Work required >>
Leaving out the pictures, retype the lines from the beginning of the listing through the line containing "A single blush".

Available data >>
####
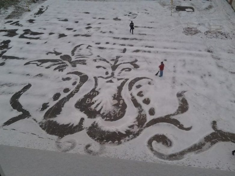 Идея творить на снегу пришла спонтанно — надоумили школьники. Они же и стали благодарными зрителями. Семен Бухарин не рвется к славе. Говорит, это все для детей. Школота в ответ называет его великим художником.
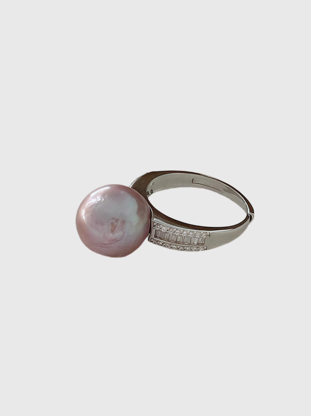 A single blush pearl glows like morning light, set delicately upon a polished band traced with rows of radiant crystal. Roselight draws its strength from softness, its gleam from quiet power. The pearl's rose-hued sheen echoes warmth and grace, while the faceted stones shimmer with composed brilliance. This is a ring that doesn’t shout but sings, softly, of elegance, devotion, and stillness held in bloom.
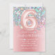 Girly Holographic Glitter 6th Pink Birthday Invitation
####
Task result >>
 Идея творить на снегу пришла спонтанно — надоумили школьники. Они же и стали благодарными зрителями. Семен Бухарин не рвется к славе. Говорит, это все для детей. Школота в ответ называет его великим художником.
 A single blush pearl glows like morning light, set delicately upon a polished band traced with rows of radiant crystal. Roselight draws its strength from softness, its gleam from quiet power. The pearl's rose-hued sheen echoes warmth and grace, while the faceted stones shimmer with composed brilliance. This is a ring that doesn’t shout but sings, softly, of elegance, devotion, and stillness held in bloom.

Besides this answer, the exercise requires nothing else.